# Work order:
Output the lines of the records below exactly, beginning at their first line and ending at the line with "(الإِجَارَةُ): منافع معلومة،"; include no pictures.

# Information provided:

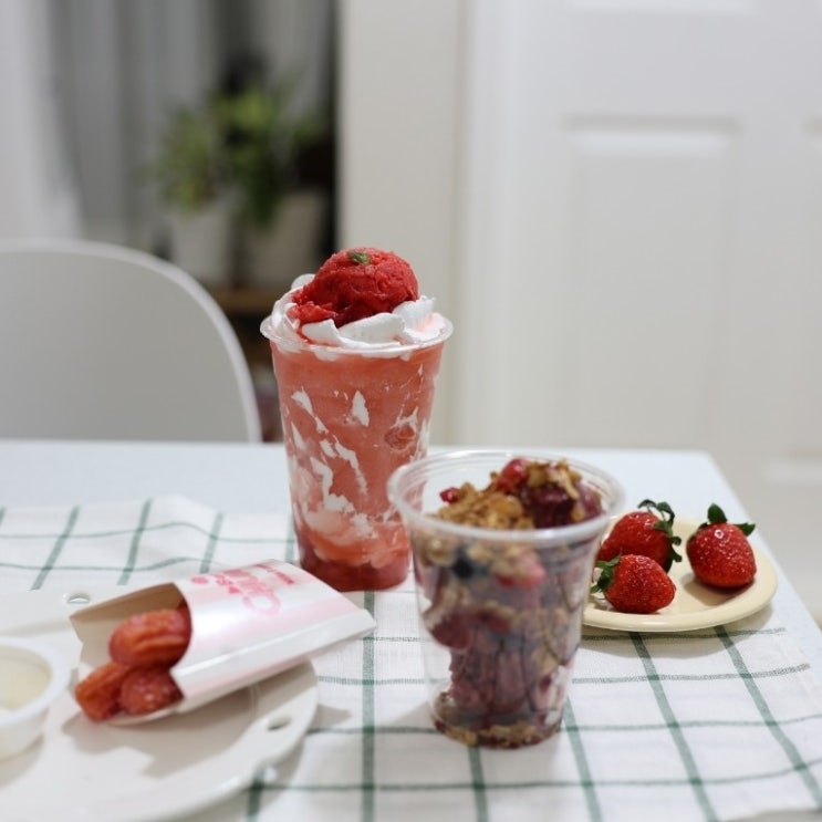 메가커피 신메뉴 딸기 젤라또 퐁당 프라페 츄러스 그리고 메가베리아사이볼 맛!
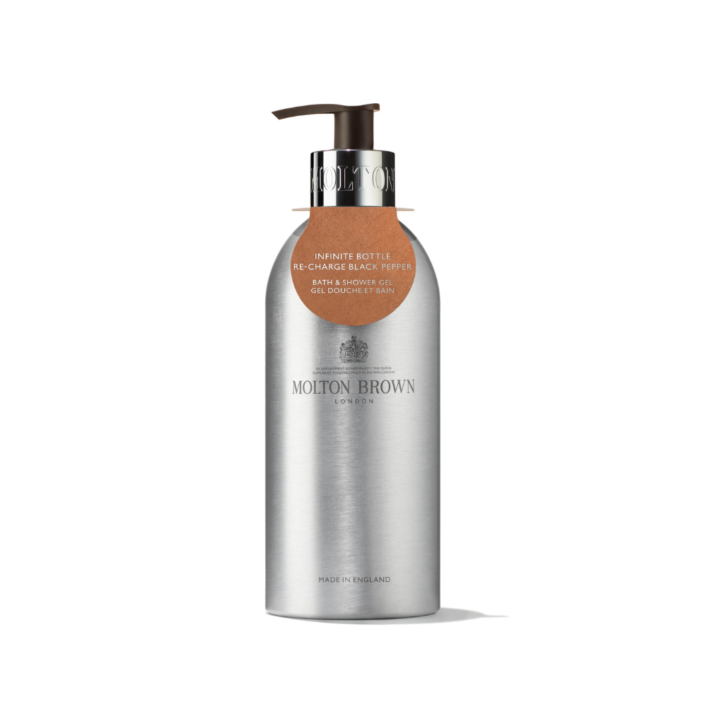 Iconico gel doccia legnoso agrumato in un flacone più sostenibile e duraturo, realizzato con alluminio riciclato al 100%. Fai il pieno di energia grazie a questa carismatica fragranza composta da avvolgente pepe nero, coriandolo speziato e vetiver terroso. Utilizza la ricarica per riempire di nuovo il flacone una volta terminato ed aiuta Molton Brown a salvaguardare il pianeta e a ridurre gli spechi.
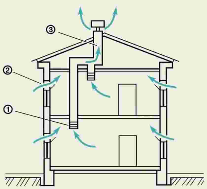 Схема естественной вентсистемы в частных домах немного отличается от квартирной. Приток тоже осуществляется через окна и/или клапана. А вот вентиляционные шахты в коттеджах ставятся нечасто (разве что это здание в несколько этажей и с погребом).
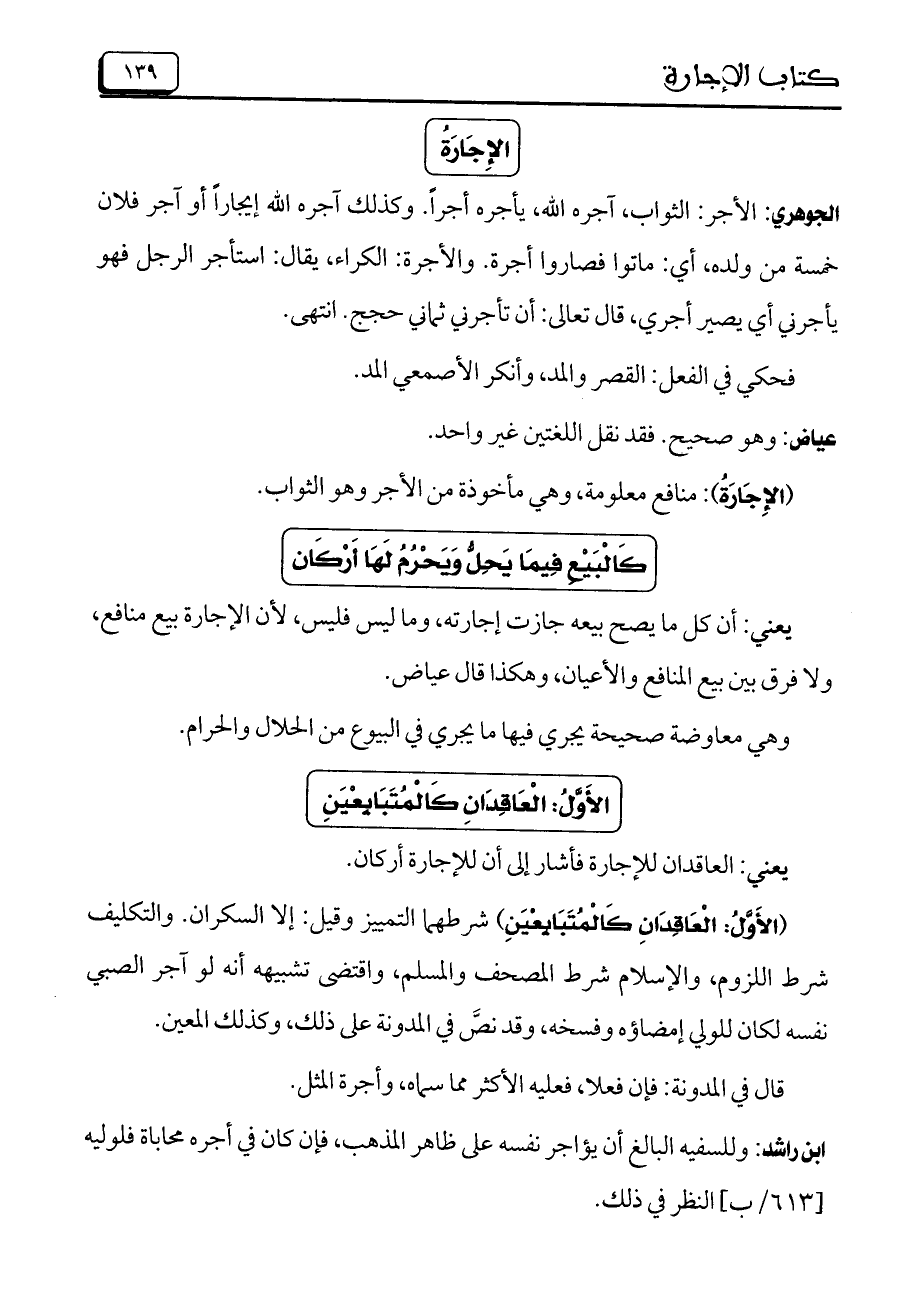 (الإِجَارَةُ): منافع معلومة، وهي مأخوذة من الأجر وهو الثواب.
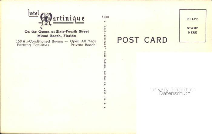 11688707 Miami Beach Hotel Martinique Swimming Pool postalisch nicht gelaufen Erhaltung siehe scans KatCode: 14140110000000
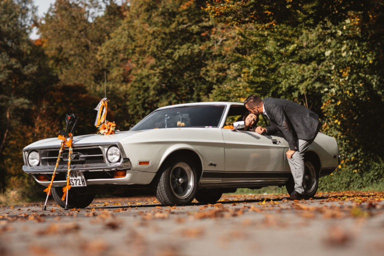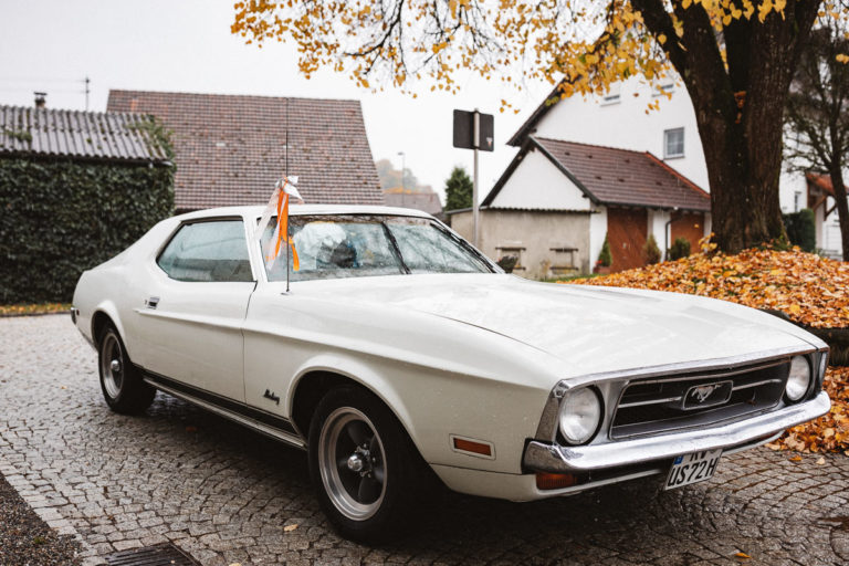 An diesem Tag durfte ich die standesamtliche Trauung von Frances und Martin im Standesamt Fronreute begleiten. Zuvor war ich beim Brautpaar und habe noch die letzten Vorbereitungen fotografisch begleitet. Bevor es losging überraschte der Bräutigam die Braut mit einem richtig schönen Brautauto. Der Sound hat mich Sicherheit das Herz eines jeden Autoliebhabers oder einer jeden Autoliebhaberin höher schlagen lassen. Mit diesem tollen Auto ging es dann für das Brautpaar nach Fronreute.
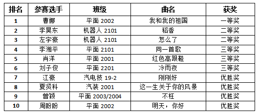 本次校园”十佳歌手“大赛分为初赛,复赛和决赛三个部分,历时近一个月。经过班级初赛推选,共有80多名学生进入复赛,再经过一轮筛选,共有13名选手脱颖而出,进入决赛。他们利用课余时间认真准备,多次排练,力争取得好的成绩。决赛的舞台上,他们尽情散发着自己的魅力,用嘹亮的歌声感染着现场每一个人。通过激烈的比拼,最终曹娜、李昊东、左宇豪、李湘平、肖洋、刘子俊、江豪、夏贤科、曾颖、周盼盼荣获校园“十佳歌手”称号。
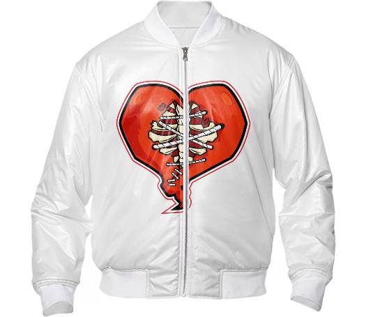 Light weight bombr jacket with your choice of white or black ribbing slight padding zip up front and side pockets. The inside is adorned with PAOM straps for swinging over your shoulders so you dont have to hold it.

# Completed exercise:
 메가커피 신메뉴 딸기 젤라또 퐁당 프라페 츄러스 그리고 메가베리아사이볼 맛!
 Iconico gel doccia legnoso agrumato in un flacone più sostenibile e duraturo, realizzato con alluminio riciclato al 100%. Fai il pieno di energia grazie a questa carismatica fragranza composta da avvolgente pepe nero, coriandolo speziato e vetiver terroso. Utilizza la ricarica per riempire di nuovo il flacone una volta terminato ed aiuta Molton Brown a salvaguardare il pianeta e a ridurre gli spechi.
 Схема естественной вентсистемы в частных домах немного отличается от квартирной. Приток тоже осуществляется через окна и/или клапана. А вот вентиляционные шахты в коттеджах ставятся нечасто (разве что это здание в несколько этажей и с погребом).
 (الإِجَارَةُ): منافع معلومة، وهي مأخوذة من الأجر وهو الثواب.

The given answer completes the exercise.